Yossarian perceived dismally that he was getting nowhere and that if Michael had bad luck in the draw, he would probably have to run off with him to Sweden. He sighed. "Then there's nothing you can do to help me? Absolutely nothing?"
"Yes, there
is
something you can do to help me," Milo responded, and for the moment, Yossarian feared he had been misunderstood. "You know people that we don't. We would like," Milo continued, and here his voice grew softer, in a manner sacramental, "to hire a very good law firm in Washington."
"Don't you have a good firm there?"
"We want to hire
every
good law firm, so that none of them can ever take part in an action against us."
"We want the influence," explained Wintergreen, "not the fucking law work. If we had the fucking influence we'd never need the fucking law work or the fucking lawyers.

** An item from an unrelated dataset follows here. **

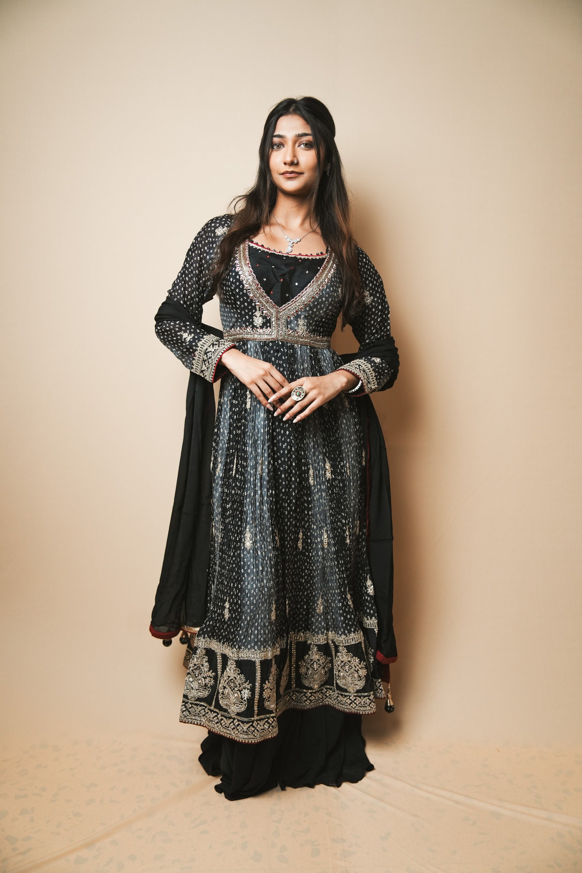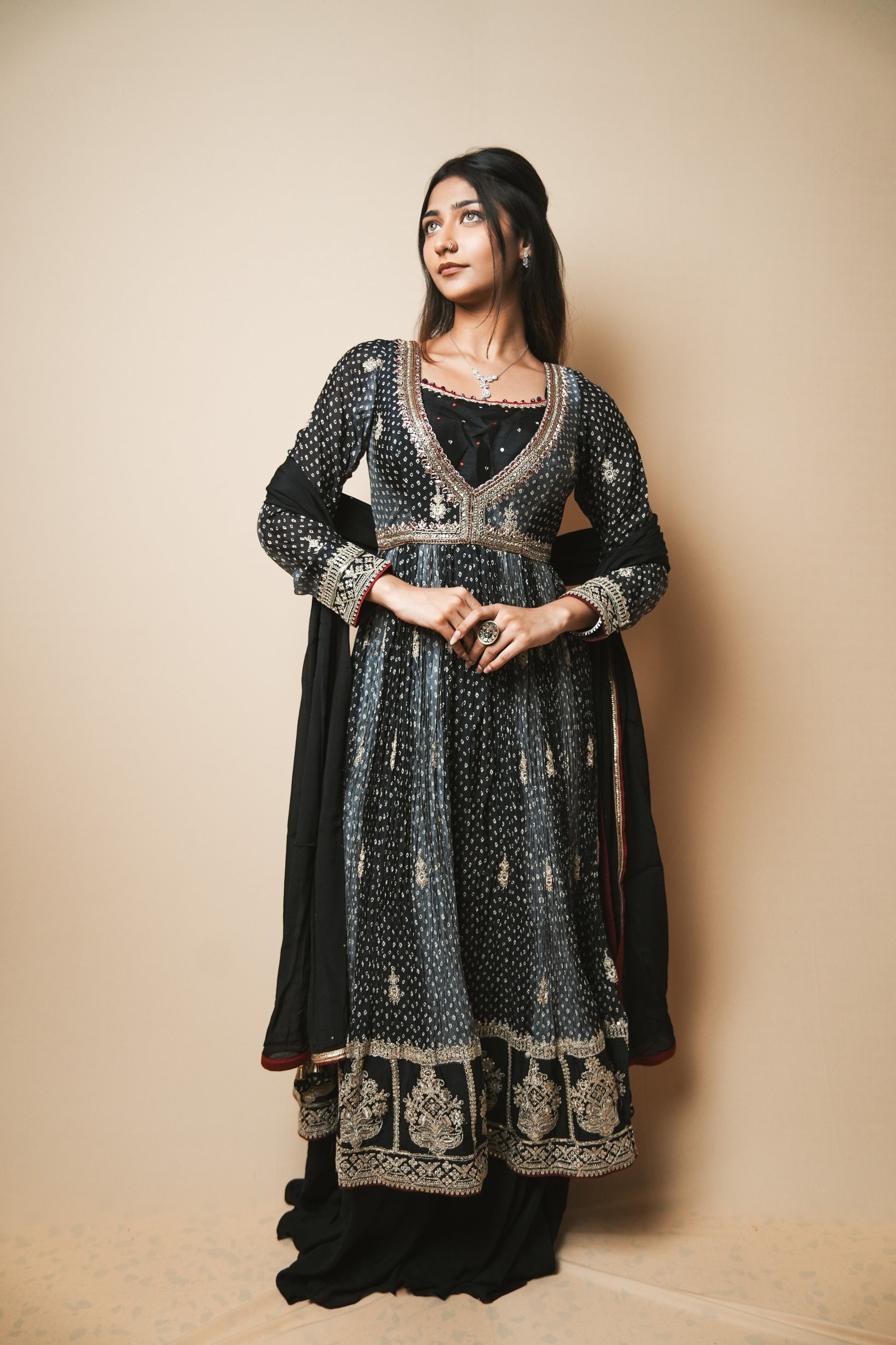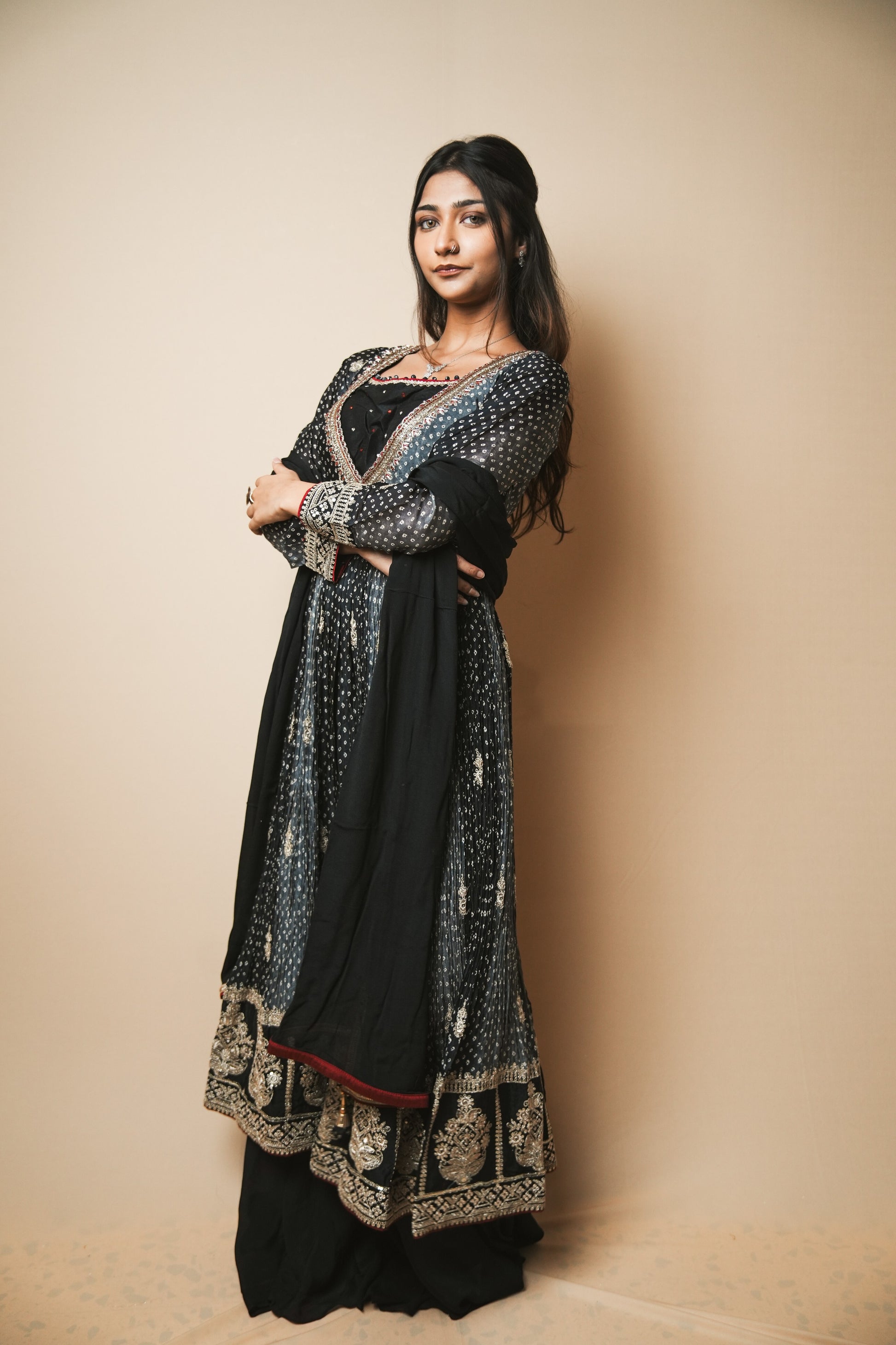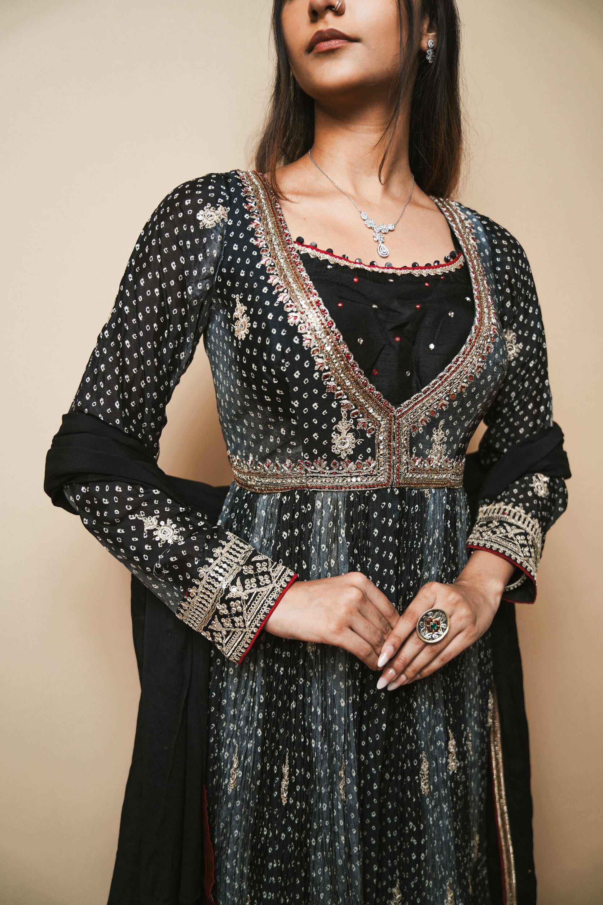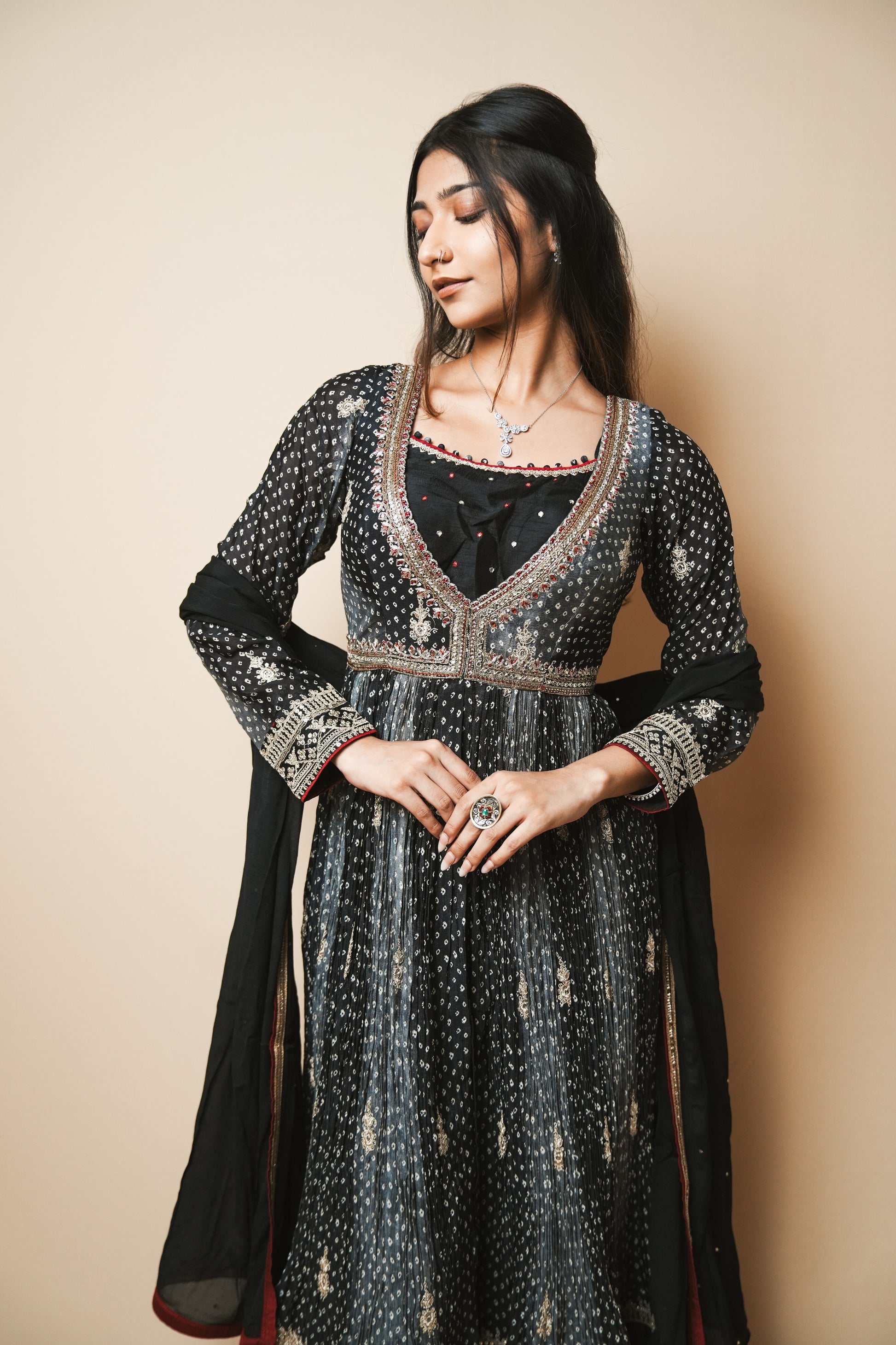 Make a statement in this stunning black crepe silk anarkali, featuring traditional bandhej print beautifully enhanced with intricate kasab and pita embroidery. The flared silhouette is adorned with ornate motifs along the hemline and detailed handwork on the neckline and sleeves. Paired with a solid dupatta and flared bottoms, this look is perfect for festive evenings and cultural celebrations.

Yossarian, where could we begin if we wanted to get all the best legal connections in Washington?"
"Have you thought of Porter Lovejoy?"
"C. Porter Lovejoy?" At this, even Wintergreen succumbed to a state of momentary awe.
"Could
you
get to C. Porter Lovejoy?"
"I can get to Lovejoy," casually answered Yossarian, who'd never met Lovejoy but got to him simply with a phone call to his law office as the representative of a cash-rich corporate client seeking the services of someone experienced in Washington for an appropriate retainer.
Milo said he was a wizard. Wintergreen said he was fucking okay. "And Eugene and I agree," said Milo, "that we want to retain you too, as a consultant and a representative, on a part-time basis, of course. Only when we need you."
"For special occasions."
"We will give you an office. And a business card."
"You'll give more than that." Yossarian turned suave. "Are you sure you can afford me? It will cost a lot."
"We have a lot. And with an old friend like you, we're prepared to be generous. How much will you want, if we try it for a year?"
Yossarian pretended to ponder. The figure he would name had jumped instantly to mind. "Fifteen thousand a month," he finally said, very distinctly.
"Fifteen dollars a month?" Milo repeated, more distinctly, as though to make sure.
"Fifteen
thousand
a month."
"I thought you said hundred."
"Eugene, tell him."
"He said thousand, Milo," Wintergreen sadly obliged.
"I have trouble hearing." Milo pulled violently at an earlobe, a though remonstrating with a naughty child. "I thought fifteen dollars sounded low."
"It's thousand, Milo. And I'll want it on a twelve-month basis even though I might be available for only ten. I take two-month summer vacations."
He was delighted with that whopper. But it would be nice to have summers free, maybe to return to those two literary projects of yore, his play and comic novel.
His idea for the stage play, reflecting
A Christmas Carol
, would portray Charles Dickens and his fecund household at Christmas dinner when that family was at its most dysfunctional, shortly before that splenetic literary architect of sentimental good feeling erected the brick wall indoors to close his own quarters off from his wife's. His lighthearted comic novel was derived from the
Doctor Faustus
novel of Thomas Mann and centered on a legal dispute over the rights to the fictitious and horrifying Adrian Leverkühn choral masterpiece in those pages called
Apocalypse
, which, stated Mann, had been presented just once, in Germany in 1926, anticipating Hitler, and possibly never would be performed again. On one side of the lawsuit were the heirs of the musical genius Leverkühn, who had created that colossal composition; on the other would be the beneficiaries to the estate of Thomas Mann, who had invented Leverkühn and defined and orchestrated that prophetic, awesome, and unforgettable unique opus of progress and annihilation, with Nazi Germany as both the symbol and the substance. The attraction to Yossarian of both these ideas lay in their arresting unsuitability.